*** Opening of Records shown ***
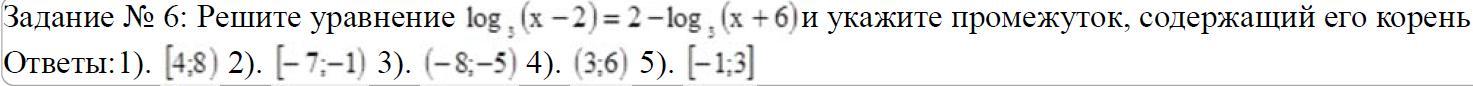 log_3(x-2)=2-log_3(x+6); ; ,; ; ; ODZ:; left { {{x-2>0} atop {x+6>0}}right. ; to x>2\\log_3(x-2)=log_33^2-log_3(x+6)\\log_3(x-2)=log_3(9x+54)\\x-2=9x+54\\8x=56\\x=7>2\\Otvet:; ; x=7in [; 4,8); .
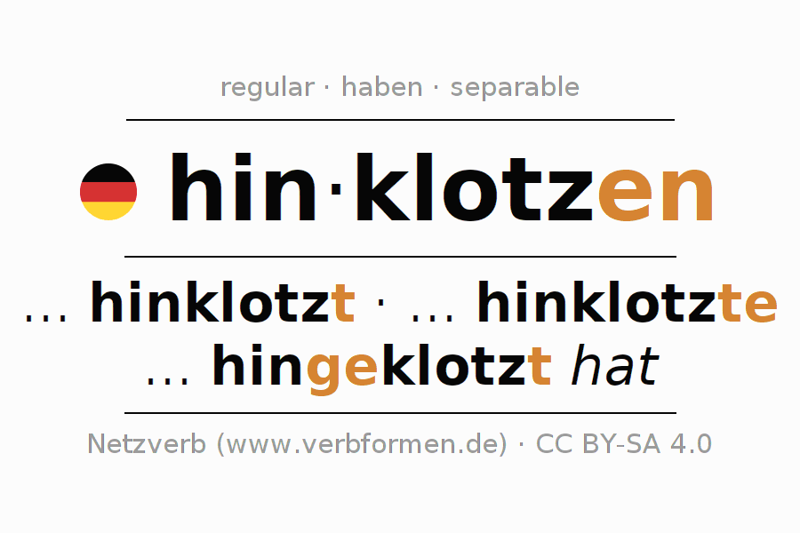 - Perfect: ... ich hingeklotzt habe, ... du hingeklotzt hast, ... er hingeklotzt hat, ... wir hingeklotzt haben, ... ihr hingeklotzt habt, ... sie hingeklotzt haben
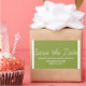 Whimsy Save the Date Stickers in olive green and white with a simple and fun script typography design. These trendy save the date stickers are easy to customise with your wedding details. For more customisation options, click on the Customise It button.
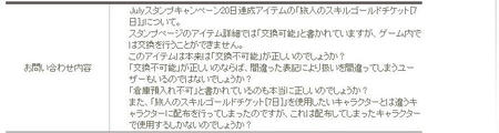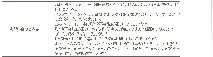 前にスタンプでもらえたスキル7日は交換不可&倉庫可能だったから、倉庫と交換逆に書き間違えてるだけで今回のも交換不可&倉庫可能が本当は正しいとじゃないかな?と思ってたんだけど・・・
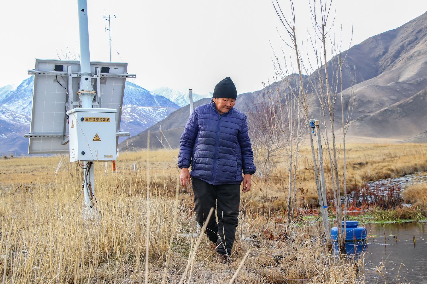 67岁的管护员冬花在温泉新疆北鲵国家级自然保护区工作已经有20年。图为11月1日,她在保护区内查看新疆北鲵的情况。(图/中新社)
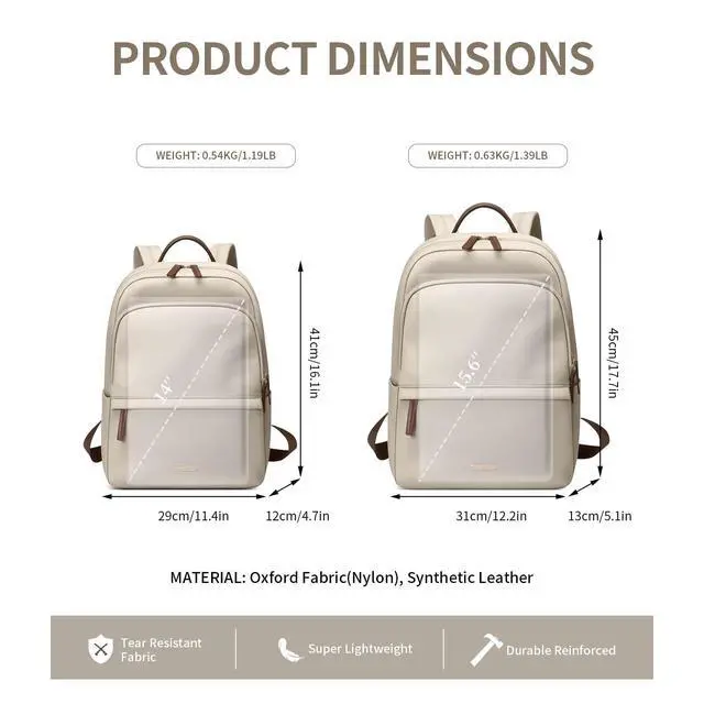Size: 15" x 11" x 4.7" /38 x 28 x 12cm. ^^ Large Capacity - A backpack is not too bulky but roomy for everything you need. The main compartment with laptop sleeve fits up to 14'' laptop. The main compartment is also roomy for Pad, books, magazines and clothes. Outer with a zipper front pocket, a backside zipper hidden pocket and 2 side pockets. ^^ Water Resistant Fabric - GOLF SUPAGS women backpack are made of high quality water resistant nylon/faux leather (but not completely waterproof), durable and reinforced. Adjustable dual shoulder straps with high quality metal buckle provide an optimum comfortable when carrying it. ^^ Perfect Present - It's a great daily laptop backpack for women, which will be an excellent present for yourself, your family, friends, and so on. Our backpack suitable for travel, work, leisure, and back to college. It is a perfect present for an anniversary, birthday, and other important dates. ^^ After-Sales Services - Customer satisfaction is our priority. If there is any use problem with the product, always feel free to contact us.
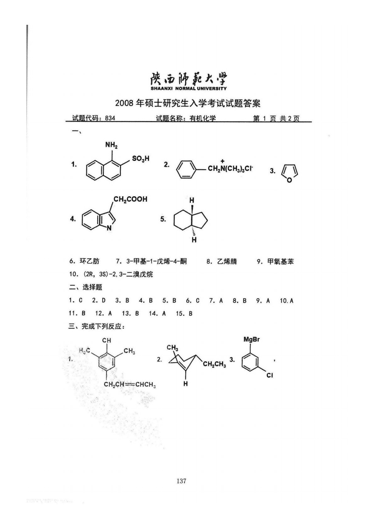 陕西师范大学832综合化学2008年真题答案(有机化学)
*** Close of Records shown ***
- Brief -
Print exactly the lines from the first line of the records above through the line containing "前にスタンプでもらえたスキル", leaving out the pictures.

- Output -
 log_3(x-2)=2-log_3(x+6); ; ,; ; ; ODZ:; left { {{x-2>0} atop {x+6>0}}right. ; to x>2\\log_3(x-2)=log_33^2-log_3(x+6)\\log_3(x-2)=log_3(9x+54)\\x-2=9x+54\\8x=56\\x=7>2\\Otvet:; ; x=7in [; 4,8); .
 - Perfect: ... ich hingeklotzt habe, ... du hingeklotzt hast, ... er hingeklotzt hat, ... wir hingeklotzt haben, ... ihr hingeklotzt habt, ... sie hingeklotzt haben
 Whimsy Save the Date Stickers in olive green and white with a simple and fun script typography design. These trendy save the date stickers are easy to customise with your wedding details. For more customisation options, click on the Customise It button.
 前にスタンプでもらえたスキル7日は交換不可&倉庫可能だったから、倉庫と交換逆に書き間違えてるだけで今回のも交換不可&倉庫可能が本当は正しいとじゃないかな?と思ってたんだけど・・・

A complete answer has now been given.